In case you opt for a fully-automated service, the robot will not only identify appropriate entry and exit positions but also initiate the trades. In case you use a semi-automated EA, the service provider will send you signals on the appropriate positions to take, but the decision on whether or not to take those positions will be at your discretion.
Use social trading
Social trading is an approach to trading whereby traders can learn from each other’s strategies. On trading platforms that have social trading features, experienced traders often share the strategies used to execute their trades.
If you are a trader and you are unsure about the strategy to use, you can learn from other traders by borrowing their strategies. The beauty of social trading platforms is that you can always compare the strategies of different traders and pick one that is in line with your objectives or personality.
Social trading is a far much better option to blind decision-making that is characteristic of lemming. The strategies employed have good reasoning behind them, ensuring that you make a well-informed decision.
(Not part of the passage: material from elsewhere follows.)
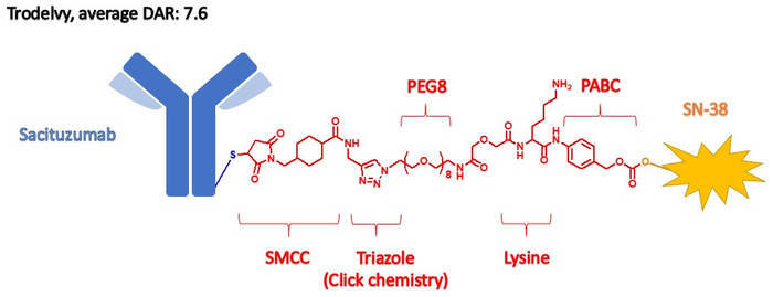 Trodelvy是国内唯一一款上市的Trop2药物,原研药厂是Immunomedics,由人源抗TROP2单抗(克隆号hRS7)、pH敏感切割Linker以及DNA拓扑异构酶抑制剂SN-38组成,DAR约为7.6。

Keep to your investing strategy
You should stick to a certain investment strategy or signal until there are compelling reasons to do otherwise. An investment strategy’s success is often dependent on the market’s overall performance over time.
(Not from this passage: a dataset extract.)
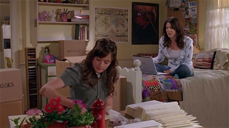 rory is mailing out a million resumes before mother and daughter go off on a road trip visiting rollercoasters. look, there's a fire hydrant on the desk! is that a pc? or a mac disguised as a pc? hard to tell. those are obviously fake flowers though.

Since nervous investors tend to quit strategies that are momentarily out of favor just before they make a significant comeback, moving between strategies may be a challenge.
People tend to focus on recent events rather than long-term investing and economic fundamentals, such as political events and earnings releases. It is also common for investors to join a price trend that is headed in a certain direction as it gains pace.
Lemming-like behavior is worsened by the fact that financial and economic news impacting investor emotions travels quicker than ever before.
The ability to move capital between countries has improved greatly, allowing international markets to react more swiftly to abrupt shifts in the direction of investor buying and selling.
In summary
Lemmings are investors who are easily swept away by the unpredictability of market price movement, which is prone to occur at extremes, and who jump out of fear of losing out on a profitable investment opportunity in the financial markets.
As a result of this “herd mentality,” investors are more likely to miss out on profits because they either exit or enter the market at the wrong time.
Emotions must be kept under control in order to prevent becoming a lemming. In other words, aside from the analysis that is required to make a trade, you need to be steadfast in your strategy to avoid being swayed by short-time turbulence. A smart investor may be able to notice lemming behavior and consider leveraging it for profit in the other direction.